[Data for the task Boundary: Start]

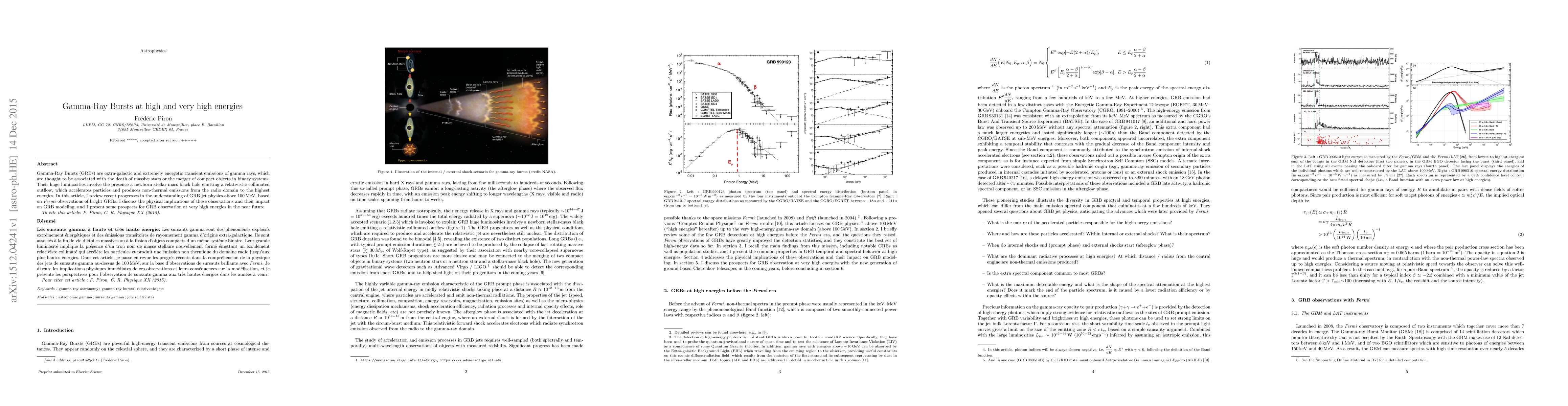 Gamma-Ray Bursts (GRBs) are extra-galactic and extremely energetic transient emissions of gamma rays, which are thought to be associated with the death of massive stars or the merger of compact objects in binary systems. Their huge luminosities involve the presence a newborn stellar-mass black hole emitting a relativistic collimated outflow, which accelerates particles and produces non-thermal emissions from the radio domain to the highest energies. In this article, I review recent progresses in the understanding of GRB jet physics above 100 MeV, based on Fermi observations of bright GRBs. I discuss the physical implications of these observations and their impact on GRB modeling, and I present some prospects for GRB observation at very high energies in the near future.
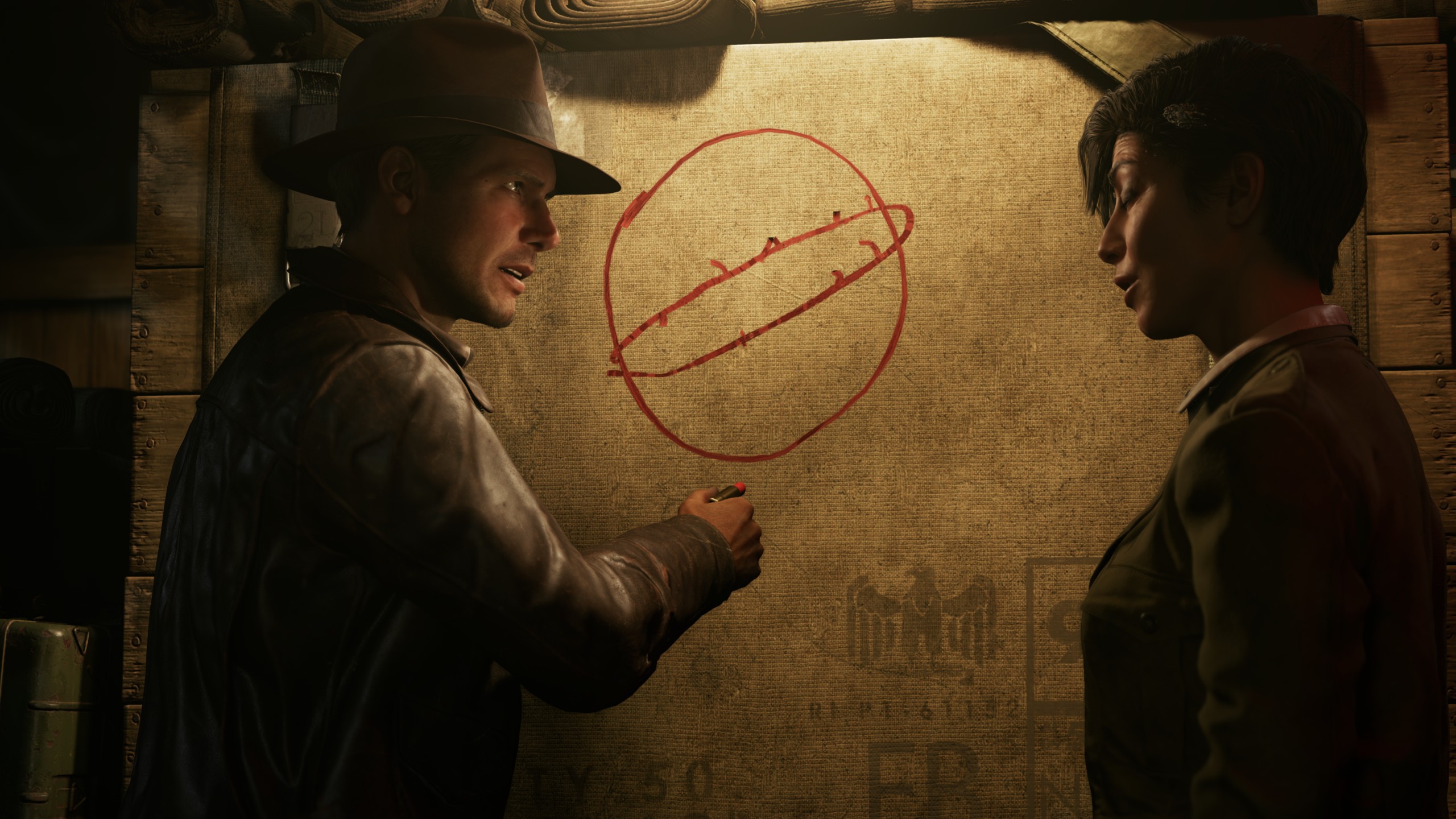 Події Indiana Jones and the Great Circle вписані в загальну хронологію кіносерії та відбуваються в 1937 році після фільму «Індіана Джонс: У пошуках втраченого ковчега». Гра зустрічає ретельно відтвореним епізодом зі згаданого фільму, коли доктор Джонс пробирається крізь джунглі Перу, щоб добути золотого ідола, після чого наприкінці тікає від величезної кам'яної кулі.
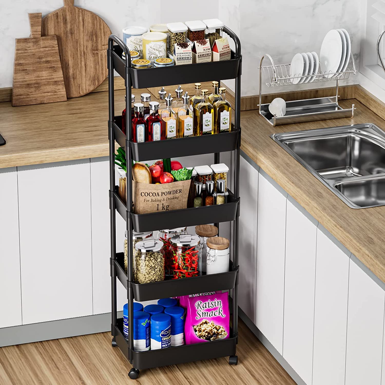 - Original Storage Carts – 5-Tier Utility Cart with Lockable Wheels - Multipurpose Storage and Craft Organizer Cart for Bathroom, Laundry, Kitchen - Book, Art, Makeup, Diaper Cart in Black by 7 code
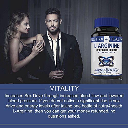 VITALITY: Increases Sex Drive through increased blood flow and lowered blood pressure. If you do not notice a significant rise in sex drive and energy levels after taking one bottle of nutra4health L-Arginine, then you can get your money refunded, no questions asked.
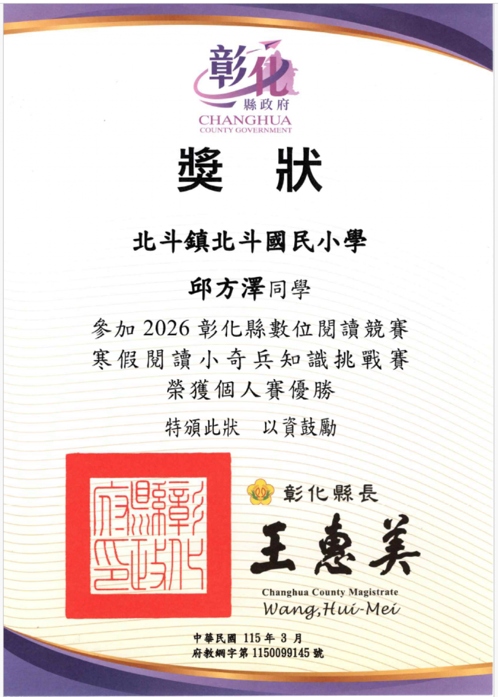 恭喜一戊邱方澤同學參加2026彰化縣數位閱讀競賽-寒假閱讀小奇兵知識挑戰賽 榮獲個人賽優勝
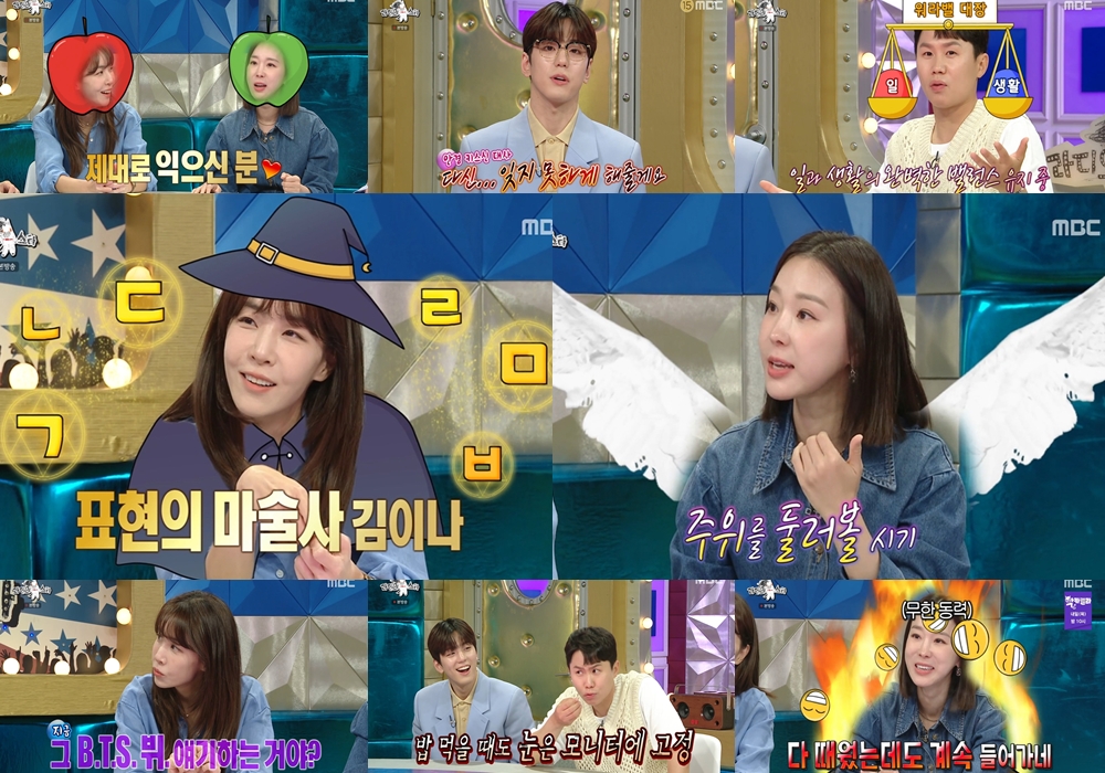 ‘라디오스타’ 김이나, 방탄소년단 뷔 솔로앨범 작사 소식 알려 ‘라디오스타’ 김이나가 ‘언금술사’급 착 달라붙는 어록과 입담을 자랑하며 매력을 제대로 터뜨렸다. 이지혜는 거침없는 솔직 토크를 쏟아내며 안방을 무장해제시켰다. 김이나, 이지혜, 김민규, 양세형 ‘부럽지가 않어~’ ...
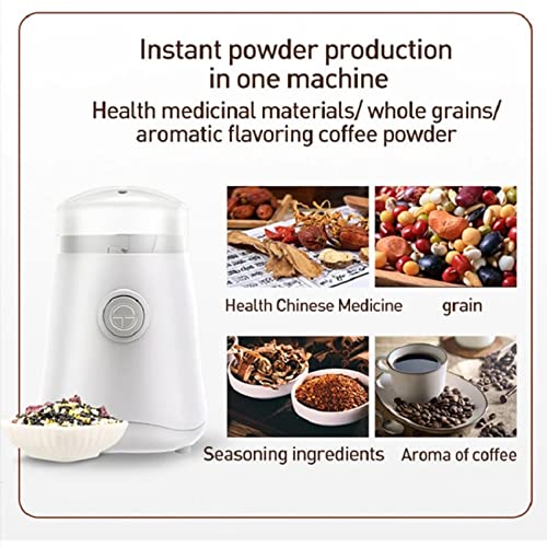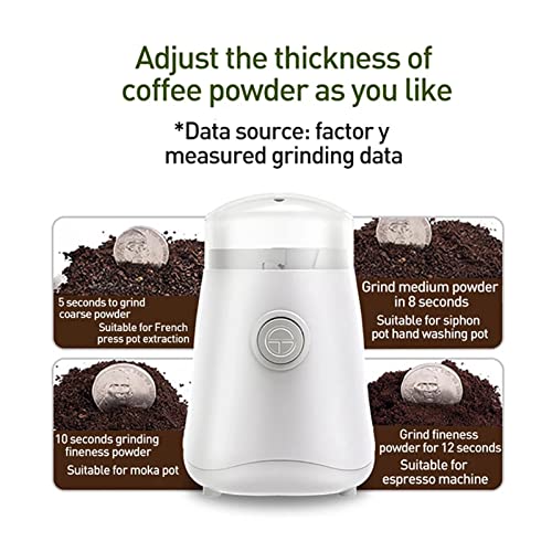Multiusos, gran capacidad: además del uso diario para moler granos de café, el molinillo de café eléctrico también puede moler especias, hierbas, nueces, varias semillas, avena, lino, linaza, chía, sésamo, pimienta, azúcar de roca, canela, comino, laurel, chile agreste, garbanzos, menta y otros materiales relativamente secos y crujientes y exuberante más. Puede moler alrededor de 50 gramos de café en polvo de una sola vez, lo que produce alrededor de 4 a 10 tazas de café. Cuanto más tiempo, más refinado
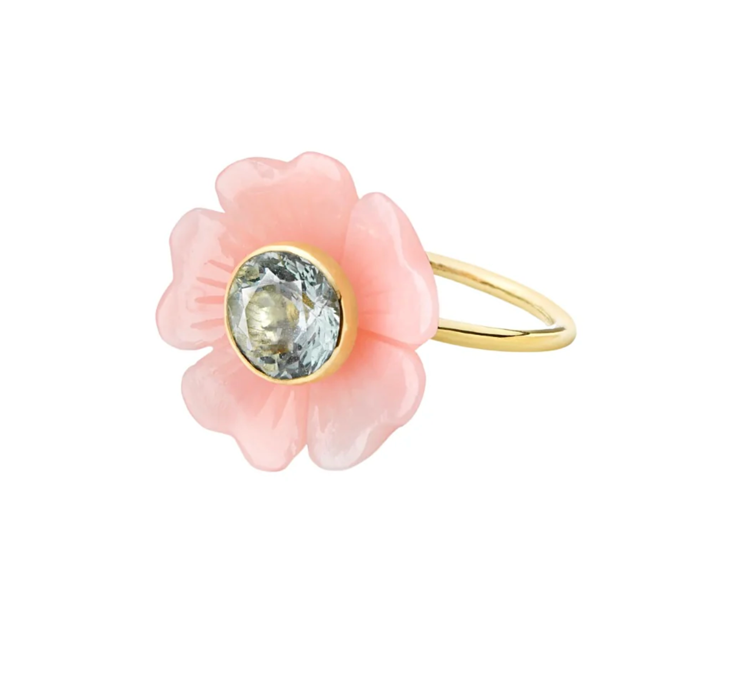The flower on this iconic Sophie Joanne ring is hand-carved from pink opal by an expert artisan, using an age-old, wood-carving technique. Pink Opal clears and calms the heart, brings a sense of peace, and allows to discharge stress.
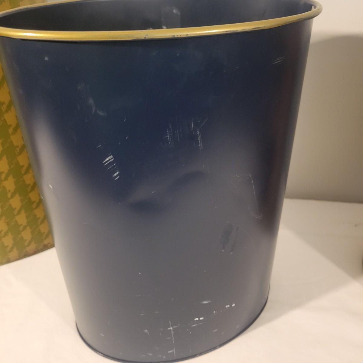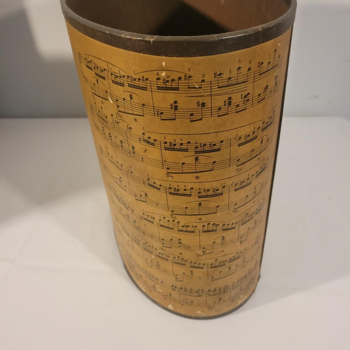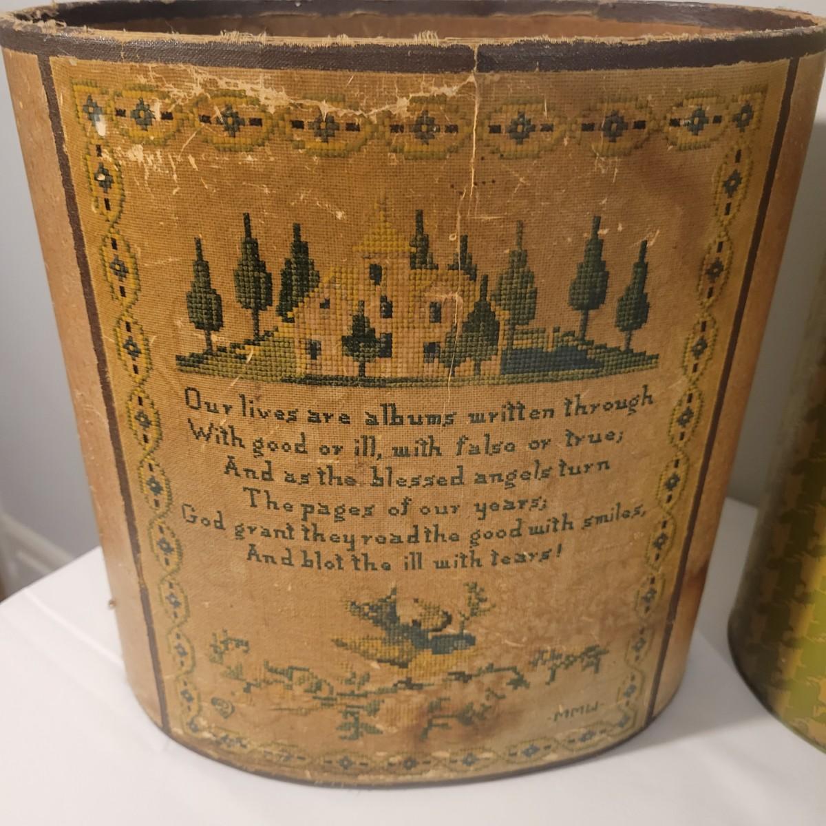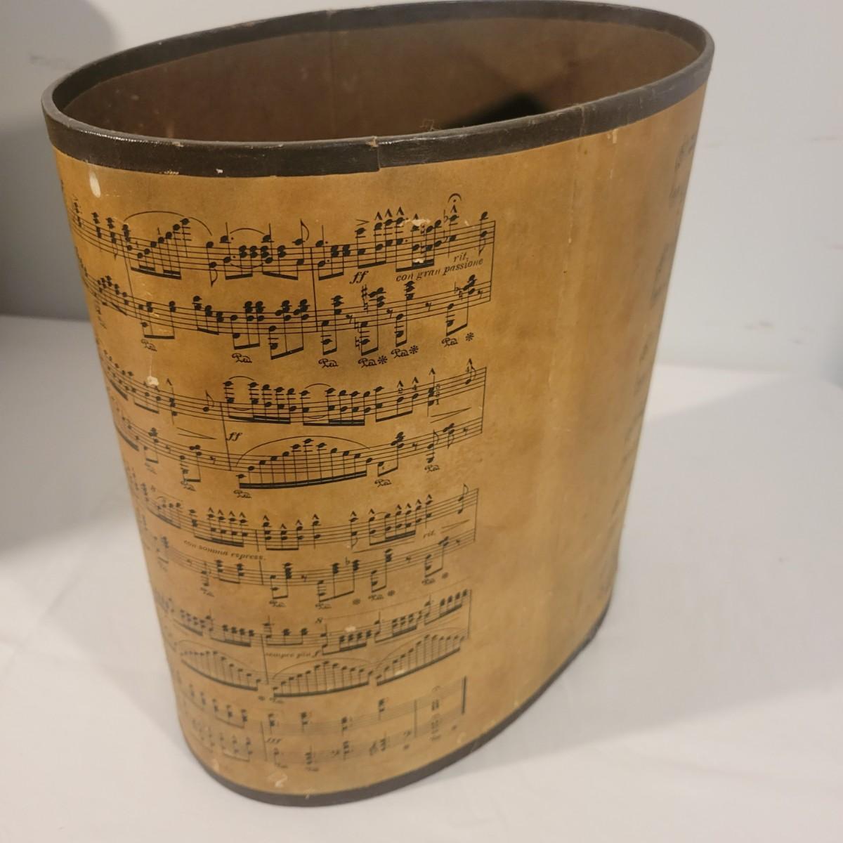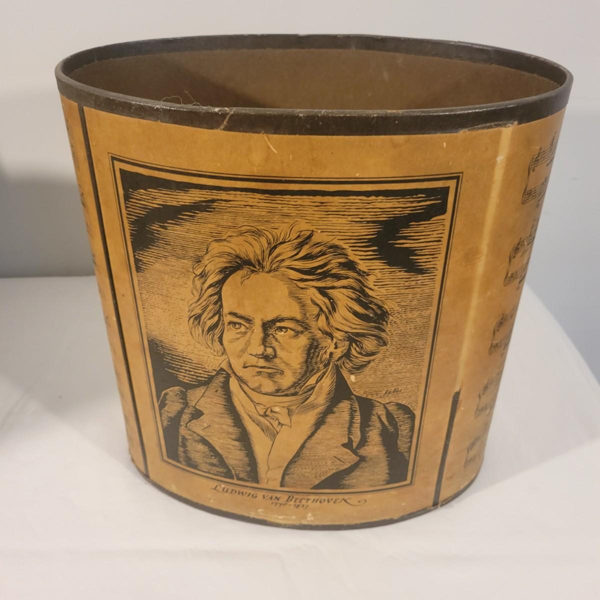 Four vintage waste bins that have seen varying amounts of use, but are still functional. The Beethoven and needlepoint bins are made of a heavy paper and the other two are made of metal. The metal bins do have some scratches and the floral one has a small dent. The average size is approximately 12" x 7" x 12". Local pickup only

[Data for the task Boundary: End]

I'd like the entries above repeated exactly, but without any of their pictures.

 Gamma-Ray Bursts (GRBs) are extra-galactic and extremely energetic transient emissions of gamma rays, which are thought to be associated with the death of massive stars or the merger of compact objects in binary systems. Their huge luminosities involve the presence a newborn stellar-mass black hole emitting a relativistic collimated outflow, which accelerates particles and produces non-thermal emissions from the radio domain to the highest energies. In this article, I review recent progresses in the understanding of GRB jet physics above 100 MeV, based on Fermi observations of bright GRBs. I discuss the physical implications of these observations and their impact on GRB modeling, and I present some prospects for GRB observation at very high energies in the near future.
 Події Indiana Jones and the Great Circle вписані в загальну хронологію кіносерії та відбуваються в 1937 році після фільму «Індіана Джонс: У пошуках втраченого ковчега». Гра зустрічає ретельно відтвореним епізодом зі згаданого фільму, коли доктор Джонс пробирається крізь джунглі Перу, щоб добути золотого ідола, після чого наприкінці тікає від величезної кам'яної кулі.
 - Original Storage Carts – 5-Tier Utility Cart with Lockable Wheels - Multipurpose Storage and Craft Organizer Cart for Bathroom, Laundry, Kitchen - Book, Art, Makeup, Diaper Cart in Black by 7 code
 VITALITY: Increases Sex Drive through increased blood flow and lowered blood pressure. If you do not notice a significant rise in sex drive and energy levels after taking one bottle of nutra4health L-Arginine, then you can get your money refunded, no questions asked.
 恭喜一戊邱方澤同學參加2026彰化縣數位閱讀競賽-寒假閱讀小奇兵知識挑戰賽 榮獲個人賽優勝
 ‘라디오스타’ 김이나, 방탄소년단 뷔 솔로앨범 작사 소식 알려 ‘라디오스타’ 김이나가 ‘언금술사’급 착 달라붙는 어록과 입담을 자랑하며 매력을 제대로 터뜨렸다. 이지혜는 거침없는 솔직 토크를 쏟아내며 안방을 무장해제시켰다. 김이나, 이지혜, 김민규, 양세형 ‘부럽지가 않어~’ ...
Multiusos, gran capacidad: además del uso diario para moler granos de café, el molinillo de café eléctrico también puede moler especias, hierbas, nueces, varias semillas, avena, lino, linaza, chía, sésamo, pimienta, azúcar de roca, canela, comino, laurel, chile agreste, garbanzos, menta y otros materiales relativamente secos y crujientes y exuberante más. Puede moler alrededor de 50 gramos de café en polvo de una sola vez, lo que produce alrededor de 4 a 10 tazas de café. Cuanto más tiempo, más refinado
The flower on this iconic Sophie Joanne ring is hand-carved from pink opal by an expert artisan, using an age-old, wood-carving technique. Pink Opal clears and calms the heart, brings a sense of peace, and allows to discharge stress.
 Four vintage waste bins that have seen varying amounts of use, but are still functional. The Beethoven and needlepoint bins are made of a heavy paper and the other two are made of metal. The metal bins do have some scratches and the floral one has a small dent. The average size is approximately 12" x 7" x 12". Local pickup only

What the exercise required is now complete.